Although Shakespeare casts his play as a tragedy, the real tragedy is that this type of moral manipulation goes on everyday around us. 

Watch for it in the secular news and in secular entertainment. Whether on radio, television, internet, or in print, the same gambit is used constantly to lead us beyond the point of moral judgment and into accepting what – with clear reason and unclouded emotion – we would always recognize as wrong.

A story is told.  In the story we meet a person with deep emotions: fright, confusion, self-doubt, hurt, anger, loneliness. We are invited by the retelling of the story to pity the person, and when our own emotions are captured in the dragnet of the story’s sentimentality – gotcha! – only then are we confronted with the real crux of the story: something which, with unclouded reason, we would otherwise recognize as a moral wrong. Over and over again this pattern is repeated, in news and in sit-coms, in films and in human interest stories. With the skill of the great bard long ago, the story opens us to deep emotion and then asks us to suspend moral judgment in favor of pity.

But right is right and wrong is wrong, sin is sin, and what is disordered remains disordered even if we so desperately want the subject of our pity to find happiness. The goal of this trap is for us to conclude that the only absolute is the right to happiness, and any means are acceptable to attain it.  What we would recognize as wrong or sinful or evil in any other setting becomes something we can overlook when we fall into this trap.  Gotcha!
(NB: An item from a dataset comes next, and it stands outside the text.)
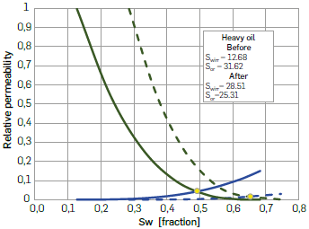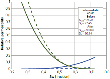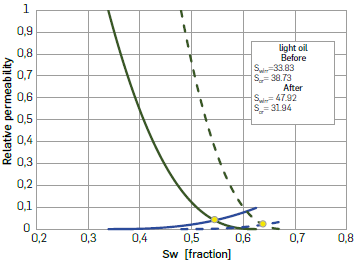 CHANGES IN RELATIVE PERMEABILITY. The effectiveness of the treatment is determined by comparing the effective permeability of each phase before and after the injection of the Relative Permeability Modifier (RPM), quantified by the Residual Resistance Factor (RRF) value for each phase. This method yields the most accurate results.

There is a cruel reality which every generation has had to face: life is sometimes unfair and there are things that happen in life that we can’t always understand or explain. This reality points us in hope toward a goal beyond this world, and by realizing that some aches cannot be healed and some thirsts cannot be slaked in this life, we allow a more penetrating reality to remain always in our purview: we were created for infinity, for Heaven, for life with God, and nothing less will suffice.

From deep pain arises great art.  Even more so, from deep pain arises great faith.